= Your task =
Output the records below in full, word for word; pictures do not belong in it.

** Record extracts follows **

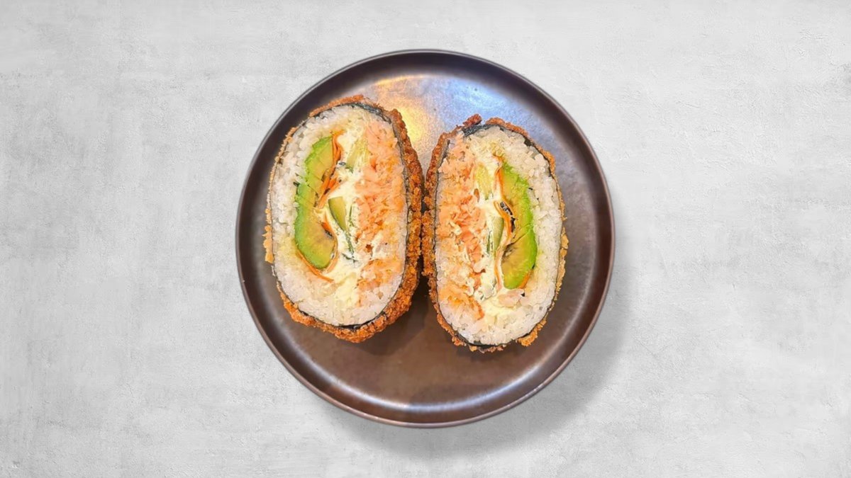 🔥 Grilled Salmon SUSHI BURGER with grilled snow flake salmon, creme cheese, avocado, carrot, cucumber, spicy mayo, black & white sesame
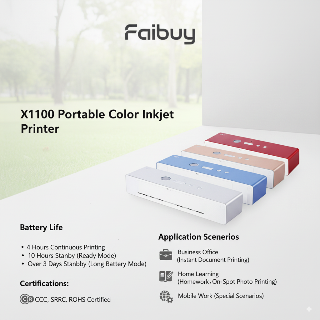 Battery capacity is 1.6 times that of Epson’s and 1.3 times that of HP’s, allowing more pages to be printed on a single charge, and optional configuration meets long-term use needs. |
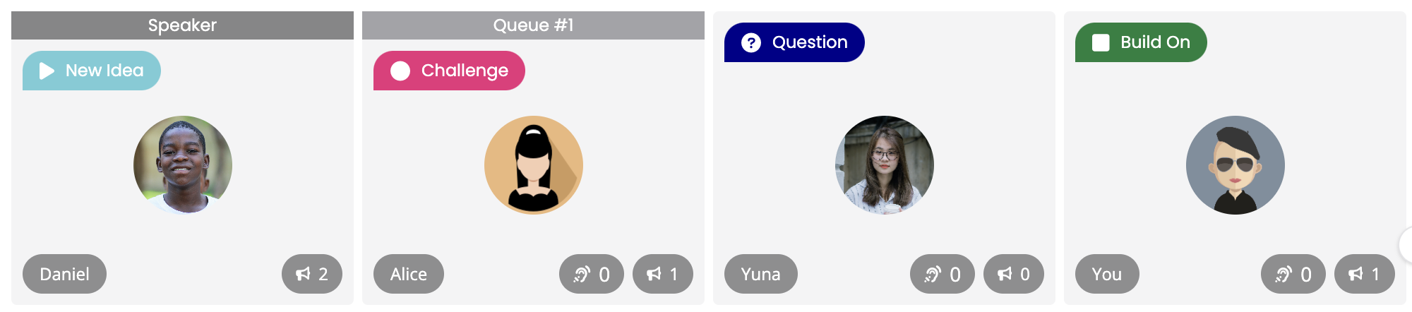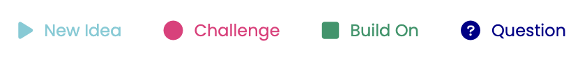 - The tap in types (new idea/challenge/build on/question) scaffold discussion skills and guide students to be intentional about their contributions. You will notice that students will begin using that language explicitly: "I want to build on what Alex said..." or "I have a question about...".
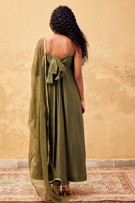 Sap green kurta featuring a sweetheart neckline, back tie-up, and gota lace embroidered hem. Paired with an embroidered kota doriya dupatta.
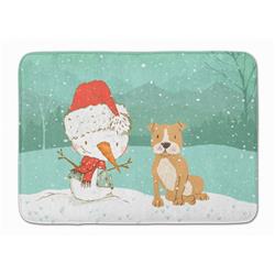 Carolines Treasures CK2076RUG Brown Staffie Snowman Christmas Machine Washable Memory Foam Mat
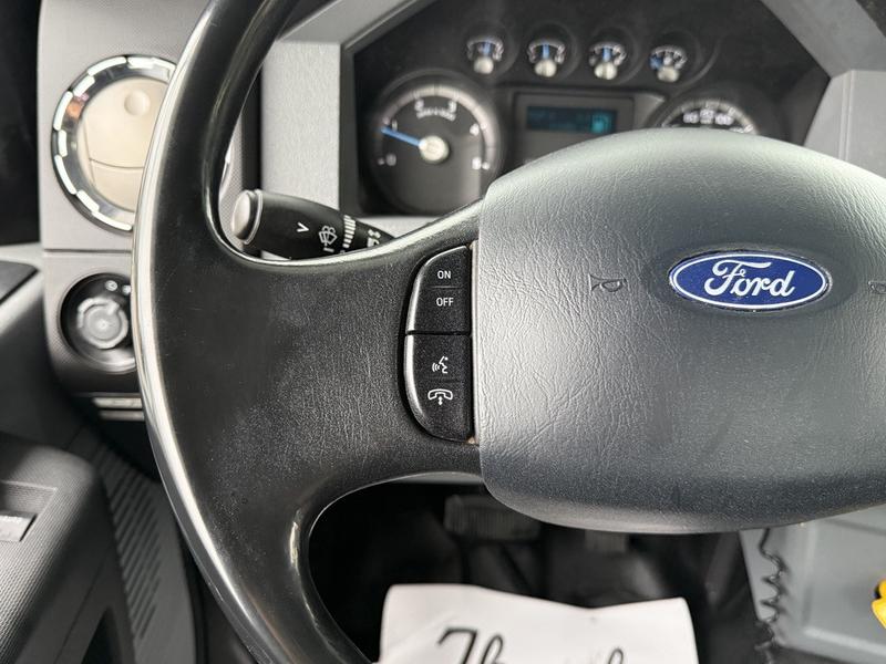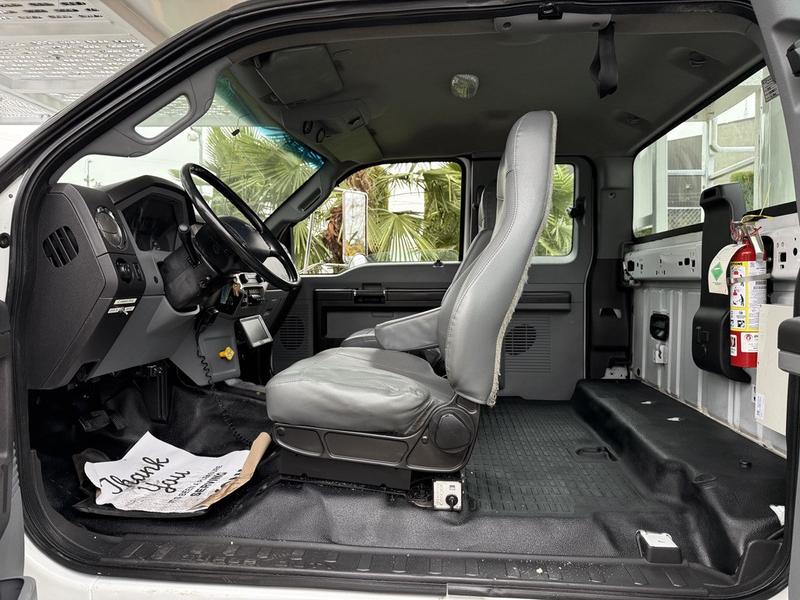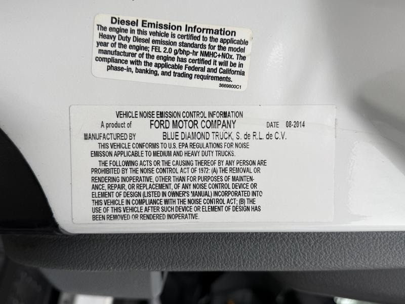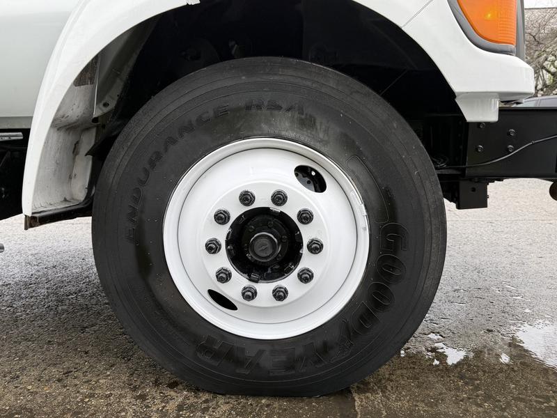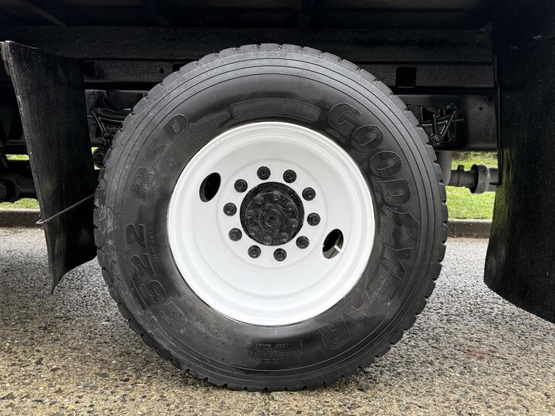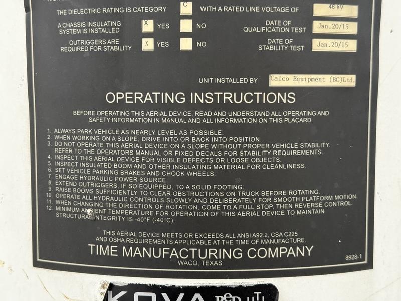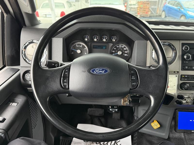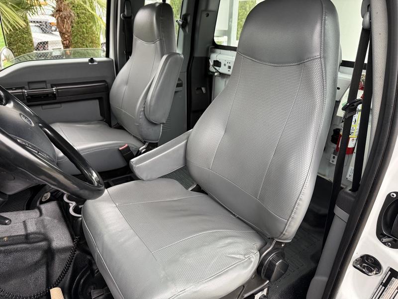 This 2015 Ford F-750 XLT Super Duty Cummins Versalift bucket truck with an 11-foot dump box is powered by a 6.7L 6-cylinder Cummins diesel engine paired with an automatic transmission and rear-wheel drive, making it well suited for commercial utility, electrical, municipal, and infrastructure applications. It is equipped with a Versalift VST-52I aerial lift offering a 52-foot platform height and a 500 lb platform capacity, along with hydraulic outriggers, PTO operation, and a pony engine for auxiliary power. The integrated dump box measures approximately 11 feet long, 6 feet 7 inches wide, and 5 feet high, allowing material transport and dumping functionality in addition to aerial work. Additional features include hydraulic brakes, reverse camera, strobe and body lights, air conditioning and heat, cruise control, AM/FM radio, power windows and door locks, cup holders, and onboard storage. Finished in white with a grey vinyl interior, this F-750 bucket truck has overall measurements of approximately 29 feet 9 inches long, 8 feet 8 inches wide, and 12 feet 4 inches high, with a GVWR of 14,968 kg (33,000 lb).

** End of Record extracts **

= Response area =
 🔥 Grilled Salmon SUSHI BURGER with grilled snow flake salmon, creme cheese, avocado, carrot, cucumber, spicy mayo, black & white sesame
 Battery capacity is 1.6 times that of Epson’s and 1.3 times that of HP’s, allowing more pages to be printed on a single charge, and optional configuration meets long-term use needs. |
 - The tap in types (new idea/challenge/build on/question) scaffold discussion skills and guide students to be intentional about their contributions. You will notice that students will begin using that language explicitly: "I want to build on what Alex said..." or "I have a question about...".
 Sap green kurta featuring a sweetheart neckline, back tie-up, and gota lace embroidered hem. Paired with an embroidered kota doriya dupatta.
 Carolines Treasures CK2076RUG Brown Staffie Snowman Christmas Machine Washable Memory Foam Mat
 This 2015 Ford F-750 XLT Super Duty Cummins Versalift bucket truck with an 11-foot dump box is powered by a 6.7L 6-cylinder Cummins diesel engine paired with an automatic transmission and rear-wheel drive, making it well suited for commercial utility, electrical, municipal, and infrastructure applications. It is equipped with a Versalift VST-52I aerial lift offering a 52-foot platform height and a 500 lb platform capacity, along with hydraulic outriggers, PTO operation, and a pony engine for auxiliary power. The integrated dump box measures approximately 11 feet long, 6 feet 7 inches wide, and 5 feet high, allowing material transport and dumping functionality in addition to aerial work. Additional features include hydraulic brakes, reverse camera, strobe and body lights, air conditioning and heat, cruise control, AM/FM radio, power windows and door locks, cup holders, and onboard storage. Finished in white with a grey vinyl interior, this F-750 bucket truck has overall measurements of approximately 29 feet 9 inches long, 8 feet 8 inches wide, and 12 feet 4 inches high, with a GVWR of 14,968 kg (33,000 lb).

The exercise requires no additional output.